-- The data follows --
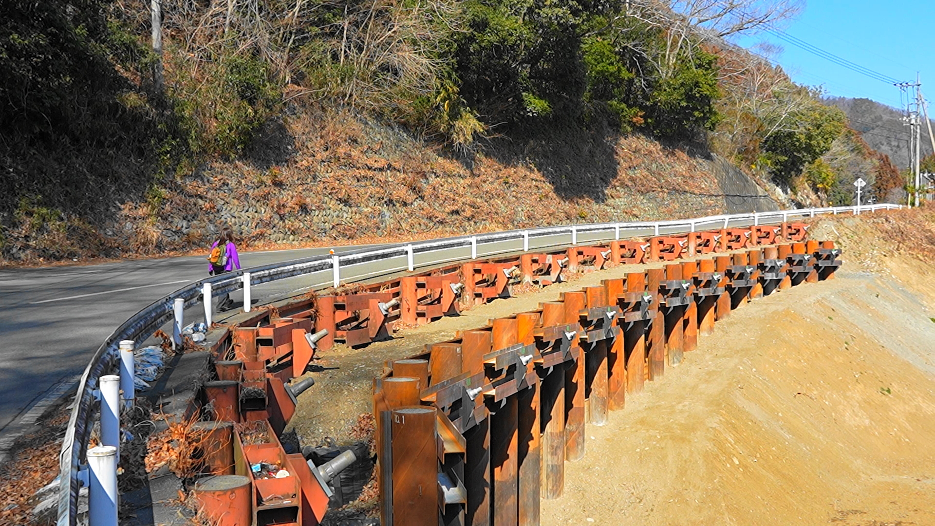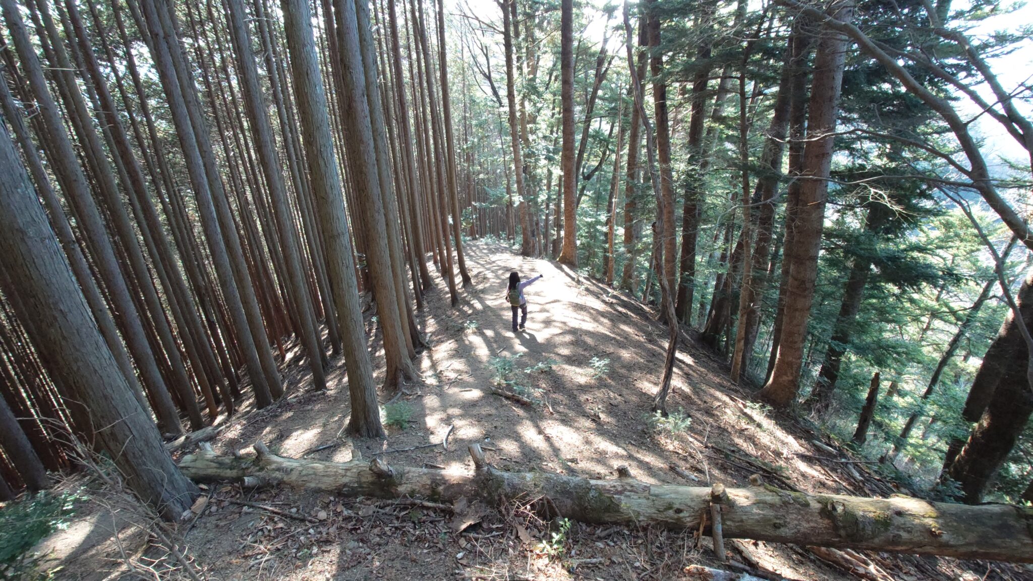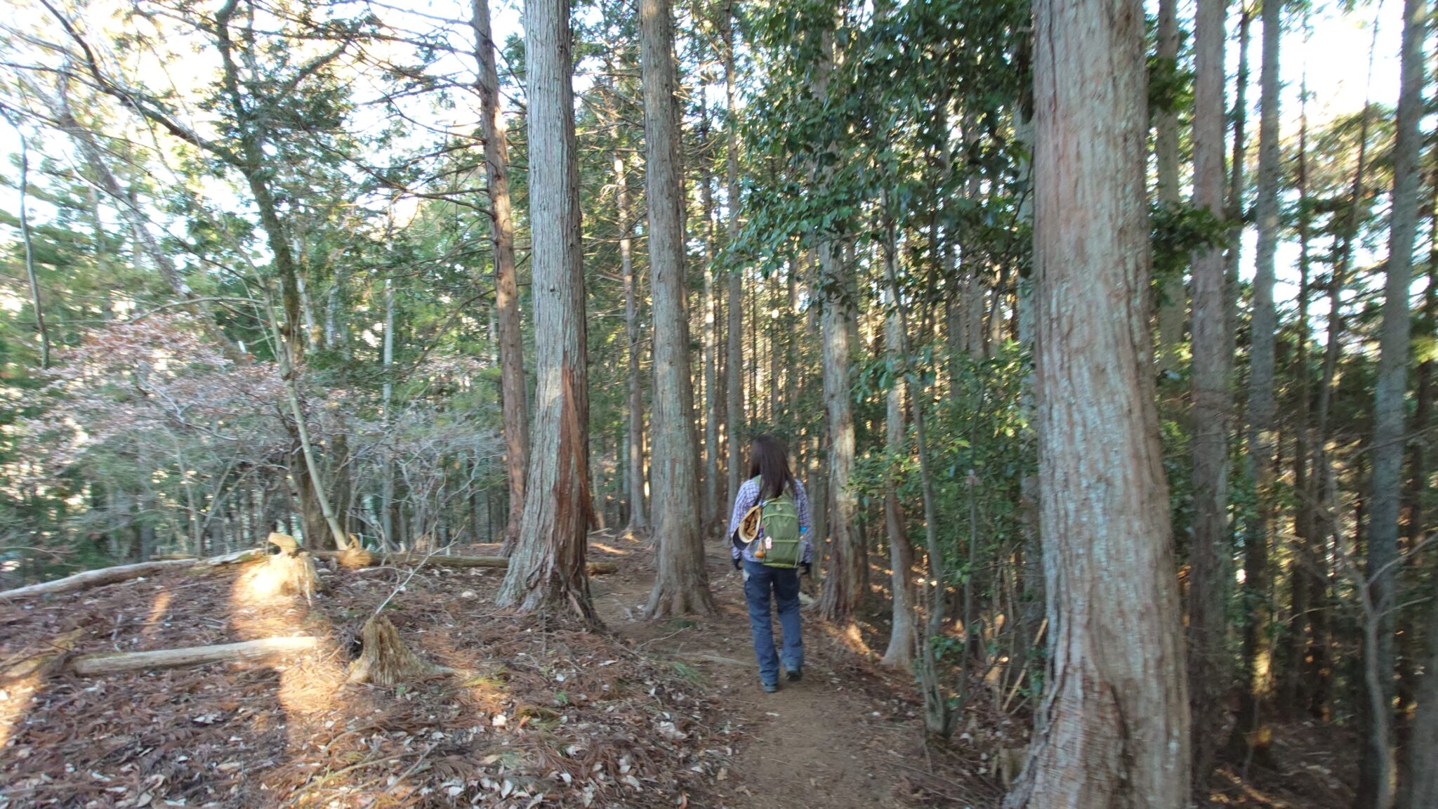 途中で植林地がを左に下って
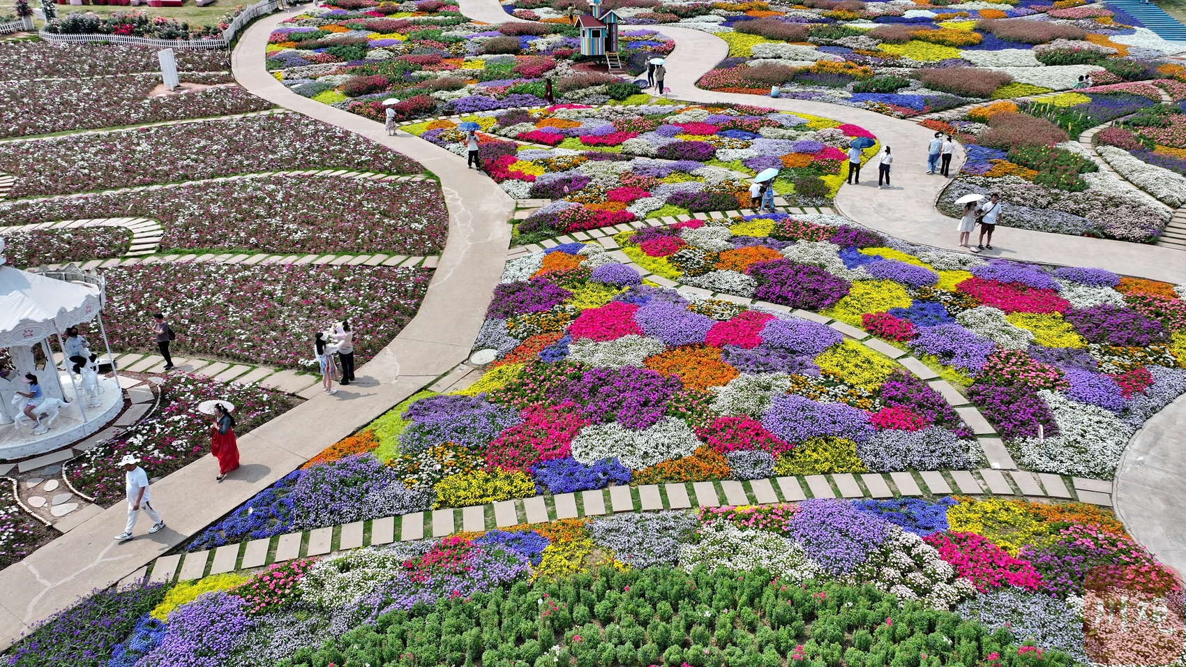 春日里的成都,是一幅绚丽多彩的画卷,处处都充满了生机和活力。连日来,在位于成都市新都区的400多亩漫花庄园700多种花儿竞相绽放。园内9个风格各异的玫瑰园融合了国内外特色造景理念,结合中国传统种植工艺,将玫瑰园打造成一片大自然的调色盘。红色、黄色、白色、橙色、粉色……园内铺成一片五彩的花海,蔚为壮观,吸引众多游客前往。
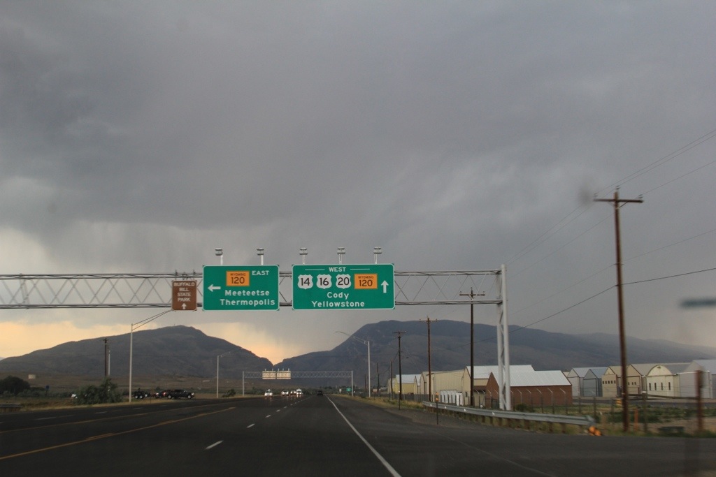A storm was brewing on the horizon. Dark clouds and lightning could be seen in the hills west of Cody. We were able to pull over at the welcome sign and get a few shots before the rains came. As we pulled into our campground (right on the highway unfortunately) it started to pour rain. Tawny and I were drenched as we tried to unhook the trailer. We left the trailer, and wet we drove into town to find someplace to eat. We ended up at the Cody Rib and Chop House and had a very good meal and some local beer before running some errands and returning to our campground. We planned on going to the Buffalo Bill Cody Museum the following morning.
-- The data concluded --
Aim of the task –
All of the preceding material should be output verbatim, with the pictures excluded.

Result of this exercise –
 途中で植林地がを左に下って
 春日里的成都,是一幅绚丽多彩的画卷,处处都充满了生机和活力。连日来,在位于成都市新都区的400多亩漫花庄园700多种花儿竞相绽放。园内9个风格各异的玫瑰园融合了国内外特色造景理念,结合中国传统种植工艺,将玫瑰园打造成一片大自然的调色盘。红色、黄色、白色、橙色、粉色……园内铺成一片五彩的花海,蔚为壮观,吸引众多游客前往。
A storm was brewing on the horizon. Dark clouds and lightning could be seen in the hills west of Cody. We were able to pull over at the welcome sign and get a few shots before the rains came. As we pulled into our campground (right on the highway unfortunately) it started to pour rain. Tawny and I were drenched as we tried to unhook the trailer. We left the trailer, and wet we drove into town to find someplace to eat. We ended up at the Cody Rib and Chop House and had a very good meal and some local beer before running some errands and returning to our campground. We planned on going to the Buffalo Bill Cody Museum the following morning.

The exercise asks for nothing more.